_What needs to be done_:
For this listing, reproduce the line with "在 1.1775 之上,看涨,目标价位为 1.1855 ,然后为 1.1880 。", the line with "光通過(guò)開口的圓形天", and the lines between, exactly as they stand. Leave out pictures and all other lines.

_Records to use_:

......

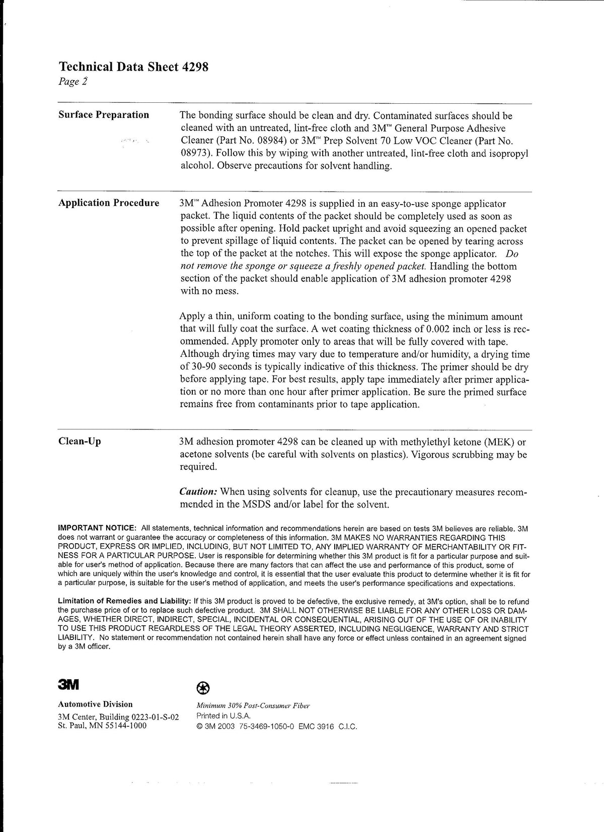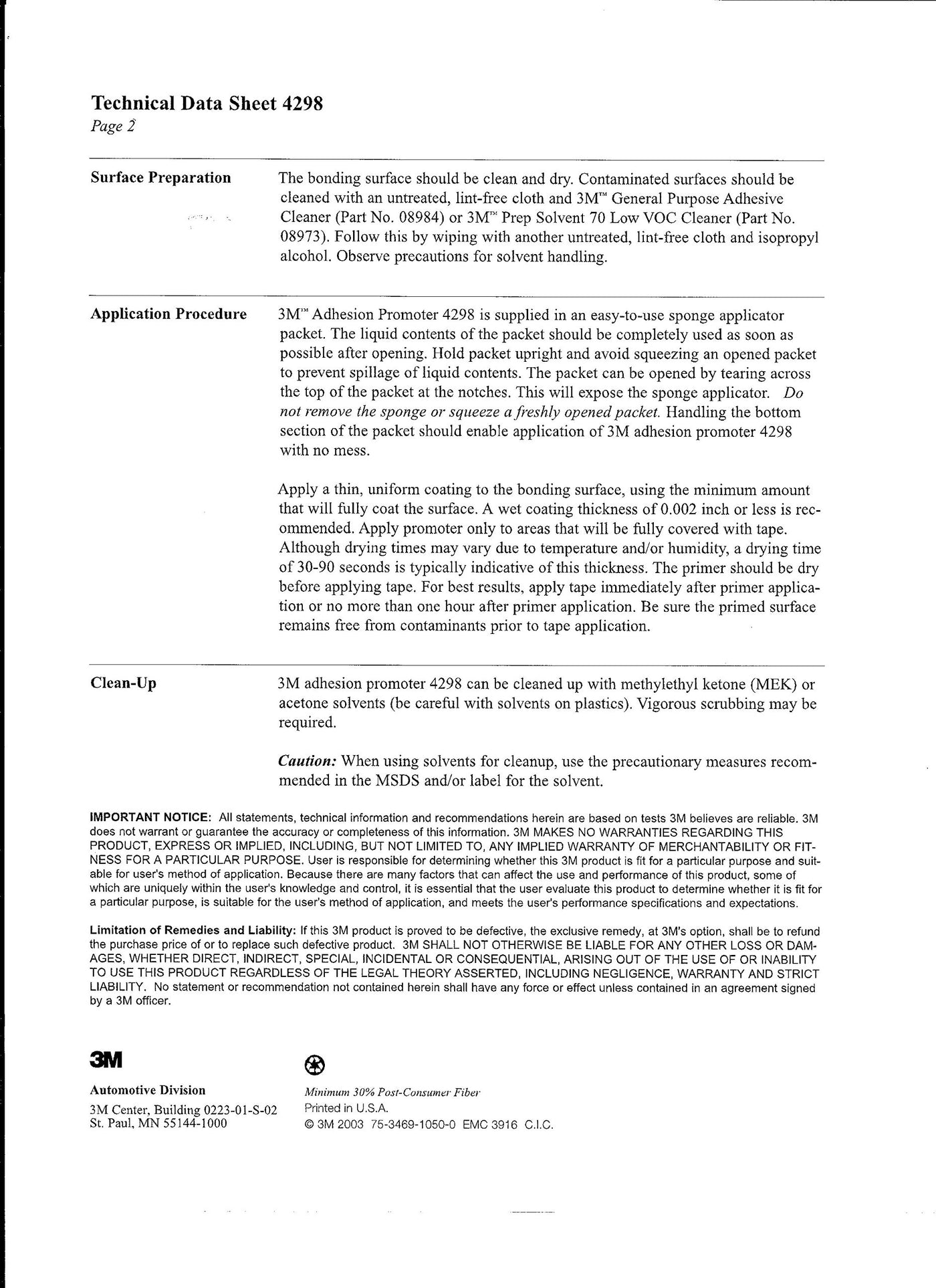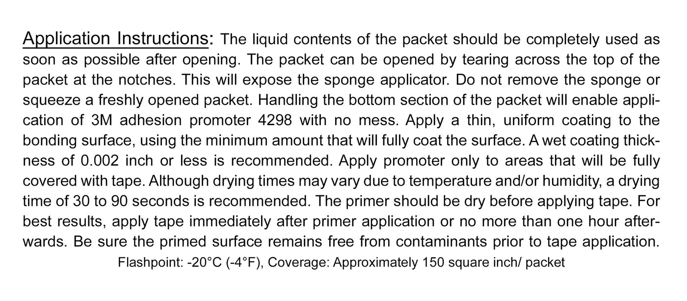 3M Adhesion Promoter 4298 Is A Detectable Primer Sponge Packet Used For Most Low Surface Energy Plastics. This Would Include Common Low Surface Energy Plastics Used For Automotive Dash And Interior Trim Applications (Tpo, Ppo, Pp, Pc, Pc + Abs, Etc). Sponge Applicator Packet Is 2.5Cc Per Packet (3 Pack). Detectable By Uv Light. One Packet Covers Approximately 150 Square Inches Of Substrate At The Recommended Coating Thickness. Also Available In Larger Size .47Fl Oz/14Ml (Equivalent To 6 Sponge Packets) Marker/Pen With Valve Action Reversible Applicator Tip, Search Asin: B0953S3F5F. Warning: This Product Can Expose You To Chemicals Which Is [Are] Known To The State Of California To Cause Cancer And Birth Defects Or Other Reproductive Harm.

......

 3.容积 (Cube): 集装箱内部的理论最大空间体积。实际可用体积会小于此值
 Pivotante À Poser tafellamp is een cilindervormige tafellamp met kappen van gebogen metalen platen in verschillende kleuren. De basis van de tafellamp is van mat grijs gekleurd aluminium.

......

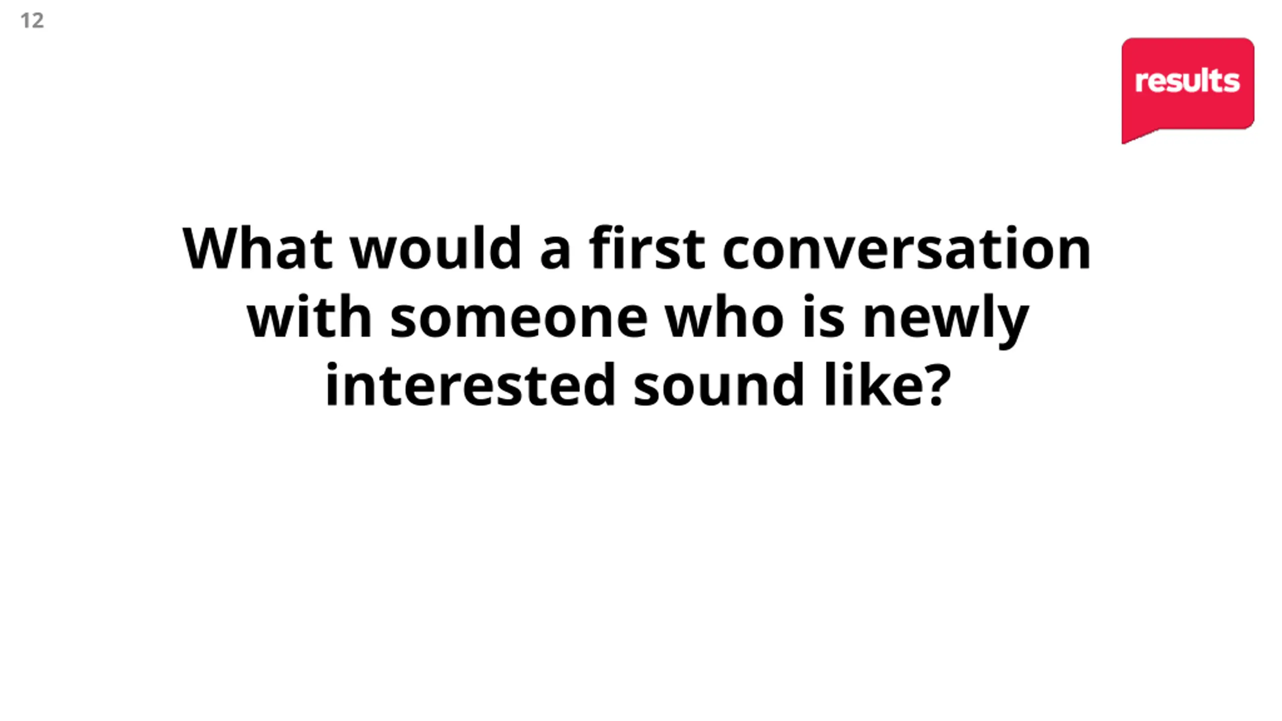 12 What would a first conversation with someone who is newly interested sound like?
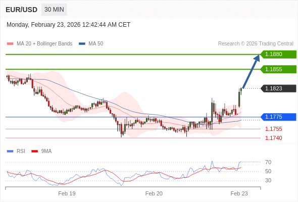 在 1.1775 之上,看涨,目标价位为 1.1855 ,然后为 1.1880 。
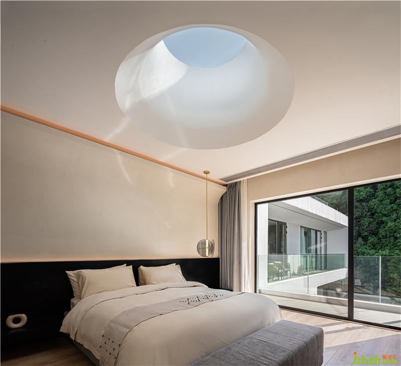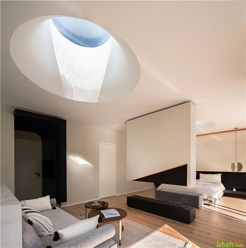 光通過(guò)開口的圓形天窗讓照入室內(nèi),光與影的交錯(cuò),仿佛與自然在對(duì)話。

......

_Expected output_:
 在 1.1775 之上,看涨,目标价位为 1.1855 ,然后为 1.1880 。
 光通過(guò)開口的圓形天窗讓照入室內(nèi),光與影的交錯(cuò),仿佛與自然在對(duì)話。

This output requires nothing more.